The path for many into postpartum depression is gradual, so much so, that it can be difficult to tell that the water is hot because it warmed up so slowly. For others, a more abrupt change is seen, particularly with loss (a death, a divorce) or a perceived loss. Nearly every mother I've spoken to has felt at some time what we term Baby Blues, simply by the nature of what we've been through.
The physical and emotional stress of childbirth.
Elevated hormones that mimic our stress response.
Foods that stress our bodies ability to maintain homeostasis.
Lack of restorative sleep and time to care for ourselves.
All of these things push us toward or past our threshold to maintain homeostasis, to cope, and we begin to decompensate. For some women tiredness, forgetfulness or irritability overtake them, but we continue to manage day to day. Some mothers may feel completely overwhelmed. Sometimes we may need help just recognizing that we are experiencing postpartum depression.
Take our Baby Blues Quiz (Postpartum Depression screening tool) to see if you have symptoms.
There are underlying themes I have heard as I've listened to mother's stories, as well as what I experienced myself. Recognizing these feelings early on, you can make better decisions on how to address them. Ignoring these changes, withdrawing from help, blaming yourself or others only keeps you from feeling well again. Here are my 5 best tips for catching your baby blues.
1. Talk with your medical provider - and keep talking. So often I hear women say that their doctor wanted to put them on medications that they didn't want, and the conversation ends there. A medication is not going to correct the underlying problem with any of these symptoms. "Depression is not a Prozac deficiency," says Dr. Patrick Hanaway, Director of the Cleveland Clinic Center for Functional Medicine. Your doctor should be looking at your lab tests, for anemia, hypothyroidism, nutritional deficiencies, and helping you set goals to improve those things you have control over like the next four tips on this list.
2. Move your body - if you felt like I did at the end of my pregnancy, I was dying for some intensity. Whether we are pregnant or recovering postpartum more movement, stretching, walking, and getting outside into nature is therapeutic to our body and soul. Moving our bodies more whether it is 15 min every morning with Mommy Ready or resuming our workout routine, reduces stress and boosts our mood through the release of endorphins our feel good hormones.
3. Eat well - nutritional deficiencies are at the top of my list postpartum, simply by the design of pregnancy and the american diet. All of those resources your body used to create another human may have left your reserves drastically low. Without the right indgredients our bodies can't break down hormones, toxins and other chemicals correctly. Hormone weight gain (around your middle) is one way a body stores what it can't break down effectively without the right nutrients. For other women these stored hormones end up crossing the blood brain barrier and causing anything from mood changes to psychosis to dementia. As well as I felt I was eating as my children were young, I found I was still unable to replace certain nutrients, identified through genetic testing, that I was slow at metabolizing. So temporarily, I needed supplements to replace B vitamins, and magnesium to add to what I could obtain from colorful veggies and proteins. (I wanted to add pooping-well here too - to feel well you have to poop well, boosting insoluble fiber from lots of veggies and 3L of water/day to keep your stools bulky and soft, you should be pooping-well daily.)

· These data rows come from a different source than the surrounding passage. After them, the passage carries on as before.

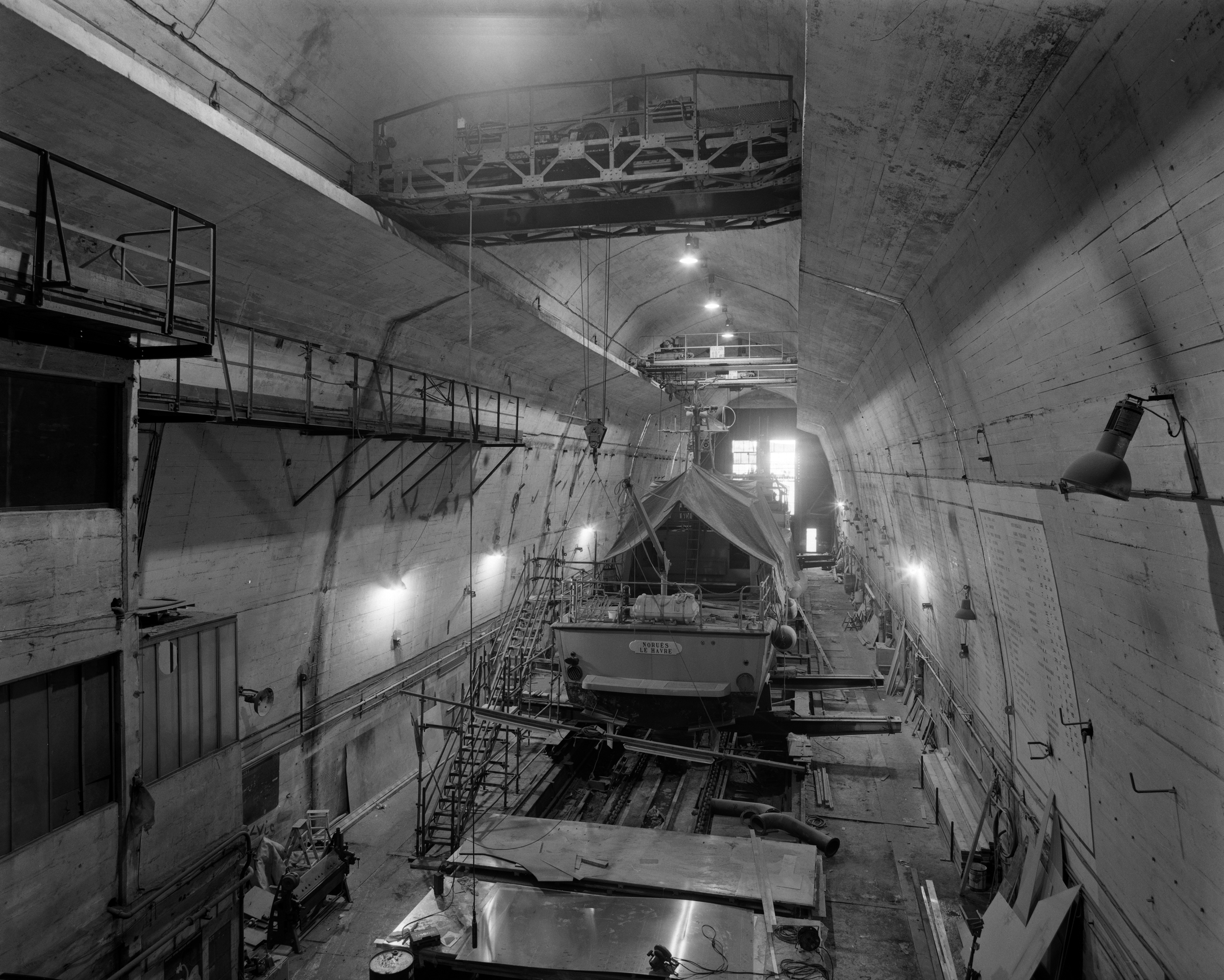 Vue générale de la nef vers le nord (état en 2000, chantier naval en activité) : navire en réparation. Au plafond, le pont roulant et son treuil en fonctionnementImmatriculation
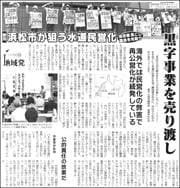 「市民の大切な飲み水をもうけの対象にしないで」-。2022年をめどに上水道の民営化を狙う浜松市に、市民から反対の声が上がっています。
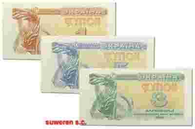 15.Ukraina, Zest.Banknotow 1991 szt.3, St.2/3
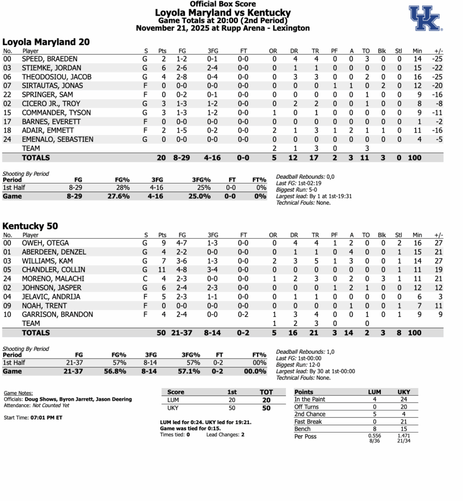 HALFTIME: Kentucky is right back on track against Loyola Md.

4. Sleep is essential to rejuvenate and restore - what about when we're waking every two hours with a newborn. I didn't say 8-10 hours straight, though that's the goal. Sleep training by 3 months you can attain that. During the early months I used the advice my mother gave me,"Nap when your baby naps." As new mother's we may have unfounded expectations that we have to bounce back after delivery into our busy life. A wise midwife told me that the women who recover best are those that rest most in the first 2 weeks. She had seen time and time again that women who allowed other's to help care for them initially felt significantly better by 4-6 weeks. Reach out to family and friends to be available if you've had a busy night to watch an older child or hold a baby, while you catch up on a couple zzz's.
5. Managing stress before it manages you - When you feel the early symptoms of baby blues coming on, instead of telling yourself, "it's not that bad." Let the way you're feeling clue you in, that you are not coping well - and you can do something about it. Look at your diet, your movement, your sleep, your relationships. Is there something you can adjust in any of those areas that can reduce your physical and emotional stress? Do you need spiritual support? While working on small daily goals to improve these things, there are other things you can do to directly improve your ability to restore your ability to cope - and it doesn't have to take much time. For example, in the first lessons at Mommy Ready we teach belly breathing. As you breathe in - your belly rises, as you breathe out - your belly draws in. Sitting or lying quietly for just 10 breaths can switch your body from Stress ON to Stress Off. And the more you do this, the better response you will get.
Our message from Mommy Ready to all mothers this month is: if you are feeling blue, reach out for help. Baby blues is a way that your body is expressing a need. Listen to your body and your feelings. Recognize what you CAN do. Seek help from your doctor or your family and friends. Look at the small changes you can make to improve your nutrition, increase your movement, get better sleep, and manage stress better. The things you do each day have the most impact on how you feel, and how you mother.